For lack of a better application, we used Bruce's mouseTest program to evaluate performance of our camera mouse. However, the mouseTest program and the camera mouse program each require a lot of processing time, which means that the camera mouse is very laggy, and has a very poor frame rate (and consequently response time) when the mouseTest program is run at the same time. The normal mouse has dedicated hardware, so the use of the cpu by the mouseTest program is not a problem for it. Also, clicking precisely was discovered to be very difficult, because changing from the pointing position to the clicking position tended to move the cursor. With a good frame rate, this could be compensated for with a little practice, but with a poor frame rate, it was nearly impossible. Therefore, we had users send click events from the real mouse with their off hand when evaluating the camera mouse. While not entirely realistic, the alternative would have put the camera mouse at such a severe disadvantage that the comparison would not have been at all meaningful. As it was, these results should be taken with a grain of salt, since the camera mouse performs better in practice. Note that it works best with I/O bound processes; due to the lack of dedicated hardware, CPU bound processes will tend to drop the frame rate, and therefore lower the responsiveness of the system.

NOTE: we hacked the source for mouseTest so that it waited for I/O rather than polling for it. This made the frame rate for our camera mouse much, much better, and had the effect of basically cutting average response times and distances in half. A copy of the modified version is in CVS. It does a few things that are a little annoying, but overall, it's much more useable. As users with a little prior experience with the camera mouse (having tested it as we built it), Ben, Dan, and Zach had an advantage over the other users in this test.

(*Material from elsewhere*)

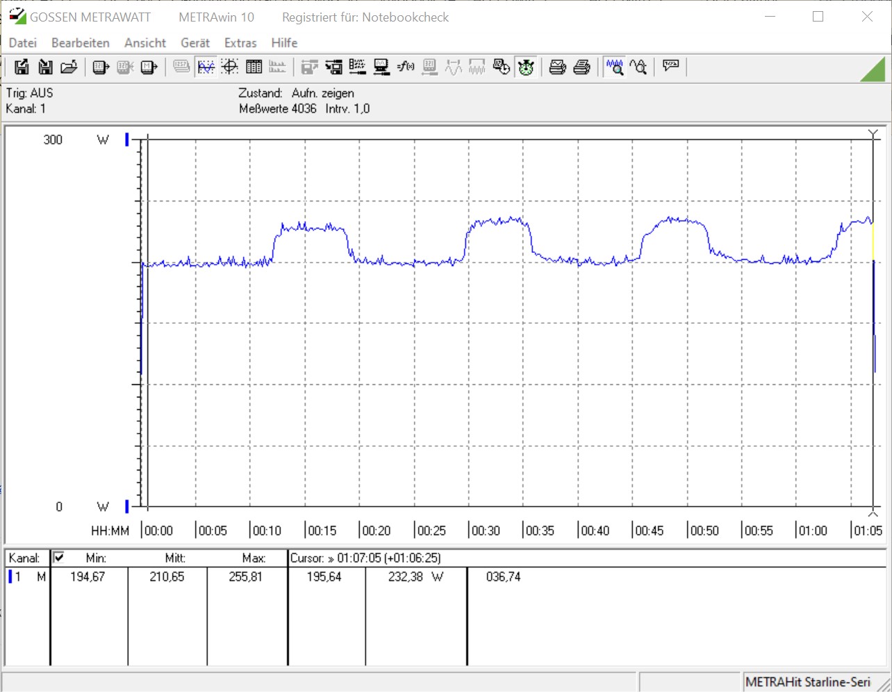 Hinweis: Bei den ermittelten Energieverbräuchen wurde immer das gesamte Testsystem ohne Monitor betrachtet.
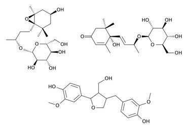 Keywords: Hemerocallis antioxidants.svg Antioxidants in Hemerocallis fulva Left Phlomurosid Right Roseosid Bottom Lariciresinol single files also on WikiCommons created with bkchem+inkscape 2006-04-16 own assumed Ayacop Glycosides

Real mouse avg. response time Real mouse avg. distance Camera mouse avg. response time Camera mouse avg. distance
Ben 1.16s 2.91pix 2.82 5.23
Dan 0.58 1.79 3.12 3.40
Zach0.60 1.31 2.37 2.78
Ethan0.63 1.21 3.272.96
Cari 0.63 1.54 2.97 2.41
Mean 0.72 2.10 2.91 3.35
Standard Deviation 0.25 0.78 0.35 1.11

Conclusions

While our mouse is certainly not as fast and accurate as a standard optical mouse, it is still useful. First, we must consider that the mouse has dedicated hardware support for something we are doing in software, and that the users are all accustomed to them, and not to our system. Also, the cameras used were significatly less than ideal, not only in the white balancing, but also in the field of view and resolution. A better camera with a wider field of view would make it much easier to match the speed of a normal mouse without sacrificing precision. But these things aside, our system has some real advantages over a standard mouse, and there are settings in which the advantages outweigh the disadvantages. The main advantage is the lack of requirement for a physical mouse, which is good for several reasons. First of all, a lot of stress is put on the body by having to repeatedly shift hand and arm position to use a mouse; many people who work with computers for long stretches of time notice their mouse hand and arm becoming stiff or tired far faster than the other. But in addition to comfort, there is the issue of the presence of the hardware. The requirement for a mouse means a requirement for a surface to use that mouse on. Even devices like track balls or touch pads merely reduce the required surface area. Our system, rather than requiring desk space, requires only an environmet in which a camera can be mounted looking at the area of interest. It is therefore useful in all kinds of applications where a cursor is required, but a place to mouse is not available. In this context, it could be combined with a voice recognition system for character input to create a system which did not require a mouse or a keyboard, allowing the system to be used in a variety of environments where neither periferal would fit easily.

Extensions

While we're using an FSA, we're doing transforms so that the images are basically scale and rotation invariant, which makes ours much smarter than the one described in the paper. Also, we implemented median and Kalman filters to try to smooth out our cursor movement, which was actually quite successful, and makes the system a lot more useful. We also allow the user to click the left mouse button using without having to move his hand from the pointing position by simply extending the thumb.